Obama’s presidency was where these three wings met. Here was a cool young black man with little term experience and a unique ability (unlike Hillary Clinton) to galvanise every minority in the book. His election in 2008 spoke for itself, but in the following eight years divineness skyrocketed as it became more apparent that anybody who could possibly be oppressed was oppressed — and that everybody else was secretly an oppressor.
In this decade, the words racist, misogynist, homophobe and bigot have been thrown around ad nauseam. Steadily improving race relations have been set back at least two decades by a wave of dubious hate crime cases propped up by the media.
Obama has regularly spewed debunked statistics to make a case for minorities but, as Trump rightly pointed out, refused to use the words “Islamic extremism” in the wake of terror attacks for fear of any critique of Islamic doctrine or culture being conflated with a criticism of individual Muslims.
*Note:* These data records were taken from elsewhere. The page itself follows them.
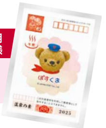
※デザインはイメージです。
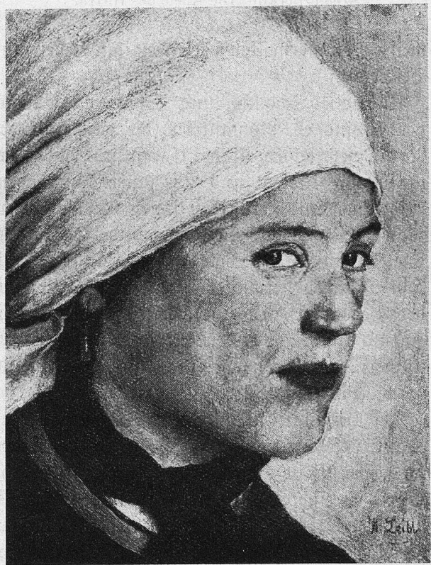
Wilhelm Leibl: Mädchen mit weissem Kopftuch.

Unsere großen Maler aus der Mitte des letzten Jahrhunderts haben fürs Herz gemalt. Sie schilderten ihre Träume und führten in Wälder und Städtchen, wo einem wohl ist, wo Käuze wohnen und ein Wanderer sich ins Grüne gelegt hat, um von hoher Warte ins Tal zu schauen, über Höfe und Hügel und nach fernen Horizonten. Wie könnte man zum Beispiel vorübergehen an Hans Thomas Lannusbild, ohne ihm ein Weilchen glücklicher Betrachtung zu widmen. Eichendorffsche Naturfreude liegt in ihm, Entrücktheit in eine schöne Landschaft, über die sich ein blauer Himmel spannt, und
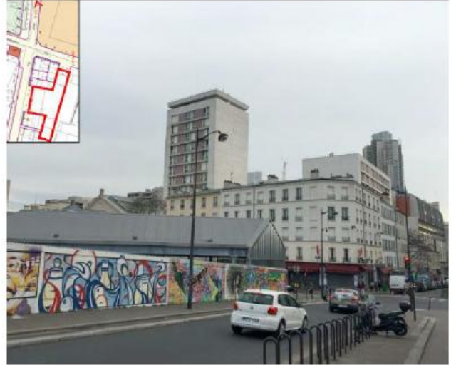
Etat de l'existant :
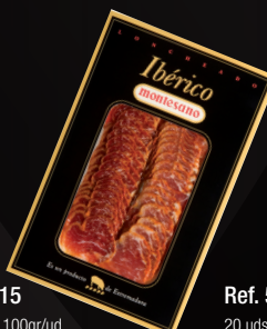
LOMO IBÉRICO BELLOTA EXTRA
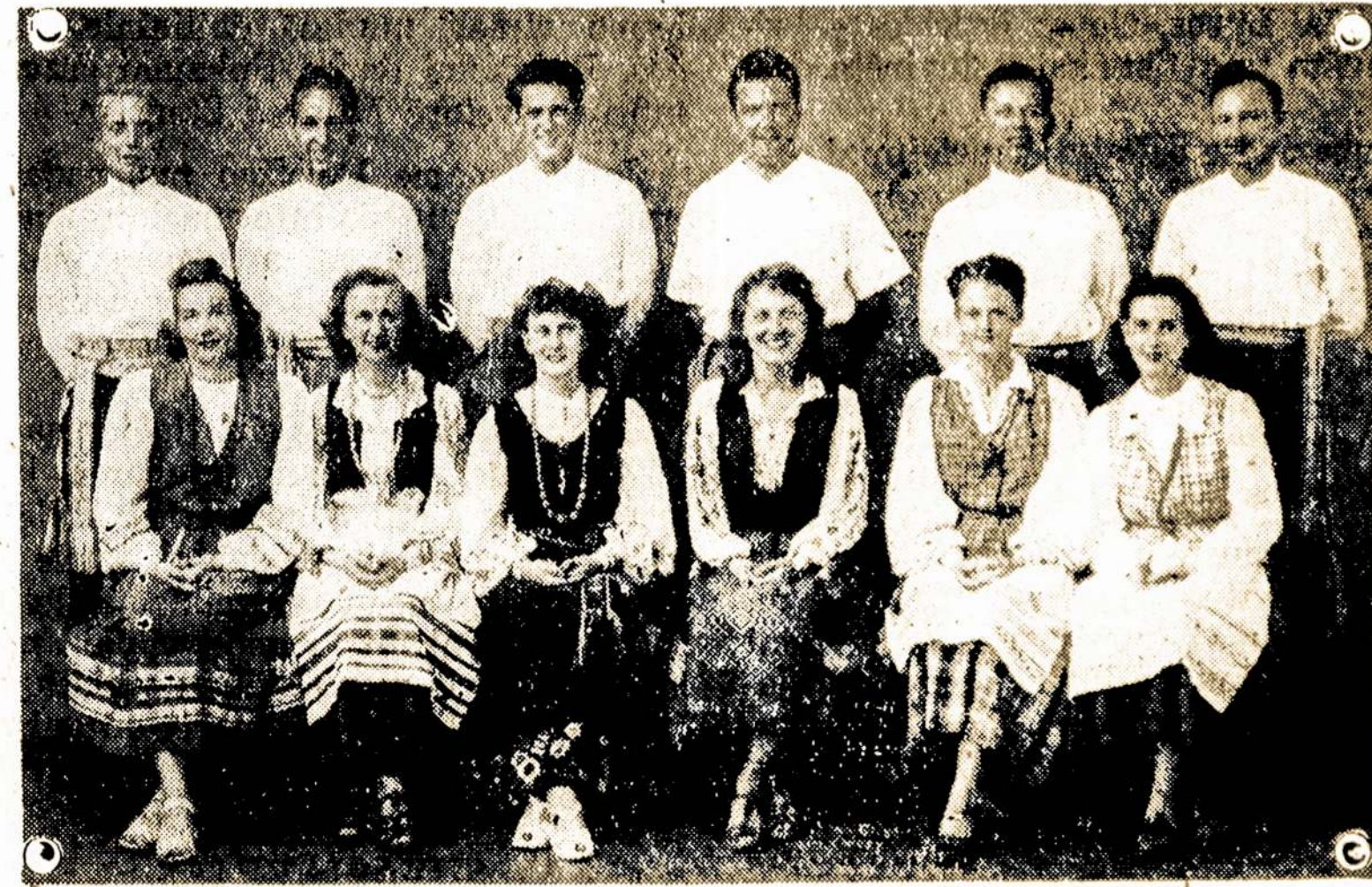
Šis paveikslas yra pereinų metų, tačiau dauguma tų pačių studentų yra ir šiame

So. Quinsigamond Ave., Shrewsbury, Mass.
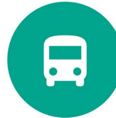
инфраструктура в доступности
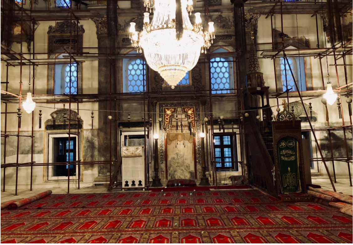
Şumnu, Şerif Halil Paşa (Tombul) Cami iç görünüm
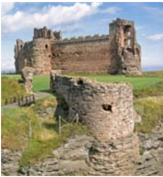
An Geata a-Muigh

Air suaicheantas an teaghlach Dhubhghlais tha cridhe dearg. Tha seo ann o chionn 's gur e Sir Seumas Dubhghlas, fear de dh'fhìor-dhìlsean Raibeart Bhrus, a thug cridhe Bhrus don Talamh Naoimh an dèidh a bhàis an 1329.
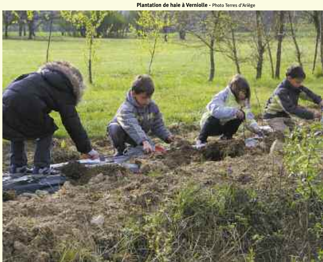
Plantation de haie à Verniolle

Il tient compte des conditions locales et privilégie les essences régionales. Afin d'optimiser l'intérêt des haies pour la faune sauvage, des séquences longues sont choisies, permettant d'implanter jusqu'à douze essences différentes, les arbustes fructifères étant largement représentés. La plantation aléatoire de chaque essence donne un aspect naturel, mais il
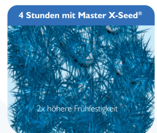
4 Stunden mit Master X-Seed®
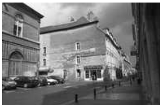
Hôtel et immeuble : vue de la façade latérale gauche, sur la rue Pâris. 25, Besançon
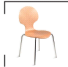
Bunny natur, weiß, schwarz, rot St. € 32,-
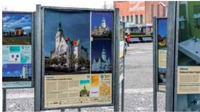
Fotografické panely přibližují místa v Olomouckém i Moravskoslezském kraji, která prošla proměnou.

Od poloviny února je před Krajským úřadem Olomouckého kraje k vidění výstava Má vlast cestami proměn 2020/2021. Projekt, který probíhá už dvanáctým rokem, představuje prostřednictvím fotografií původní a současný stav areálů či objektů, které prošly obnovou.
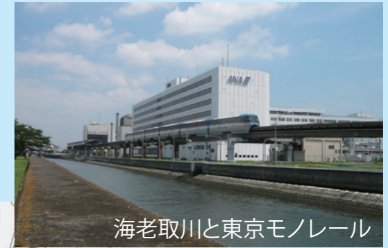
海老取川と東京モノレール
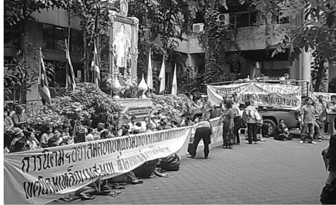
การใช้สิทธิตามรัฐธรรมนูญ

การนำรัฐธรรมนูญมาใช้รับรองสิทธิ ต้องยอมรับว่าในประเทศไทย ปัญหาความขัดแย้งที่มีให้เห็นมากที่สุด คือความขัดแย้งที่มาจากโครงการพัฒนาของรัฐ เพราะการพัฒนาอุตสาหกรรมของประเทศ เป็นเรื่องความเชื่อของคนไม่กี่คนที่คิดว่าประเทศต้องเดินอย่างไร โดยมีกฎหมายรองรับการพัฒนาถูกกำหนดโดยกลุ่มคนแค่กลุ่มเดียวที่ได้รับการยอมรับจากฝ่ายรัฐที่มีความเชื่ออย่างฝังหัวว่าคนที่ผ่านการเรียนรู้อะดับสูงเท่านั้นจะสามารถทำให้ประเทศไทยทันสมัยเทียบเท่ากับอารยประเทศได้ จึงเป็นกรรมของชาวบ้านที่ต้องทนรับสภาพการพัฒนาที่มีกรอบและแนวทางเพื่อสนองตอบแต่เฉพาะกลุ่มทุนเท่านั้น พี่น้องชาวประจวบคีรีขันธ์ใช้ทุกช่องทางที่จะต่อสู้คัดค้านโครงการการพัฒนา ถ้าไม่ล้มล้มในข้อเท็จจริงในพื้นที่ จะเห็นถึงวิธีการที่ค่อนข้างแปลกเมื่อกลับไปมองกลุ่มพี่น้องอื่นๆ เพราะฝ่ายรัฐมักมองการเคลื่อนไหวคัดค้านของประชาชนแบบจับผิด ไม่ใช่การมองเพื่อ
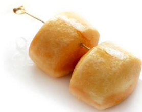
15. Pane fritto (2pz) Farina di grano .. 3.00 euro 🌿

Discussion of policy has simply ceased to matter.
Obama’s approval ratings are higher than Ronald Reagan’s were at the end of his administration, yet the election of his successor stands as the biggest repudiation of a two-term president for more than a century.
If Obama is wondering how he ended up being succeeded by a reality TV star, he need only look in the mirror. This might seem like an extreme characterisation, but, in an age where feelings seem to be the single most important factor in deciding legislation, it would behove us not to try to erase the experience of the workingclass, non-college-educated white voter who for so long defined the centre of American politics, and the traditional pre-Obama backbone of the Democrat voting base.
Theirs was a feeling of being smothered by politically correct language, of being afraid to speak up as the media reflected back to them a world that they weren’t necessarily ready to sign off on.
Trump’s only real quality was a lack of sheepishness. He was the wolf who came along right after the left had cried wolf for the last time. The people who supported him knew what he was, but it was impossible to gauge how bad that was in a world where they also seemed to be bad by virtue of their existence. Trump did not win this election — the left lost it by creating the only political climate in which a joke candidate had a shot.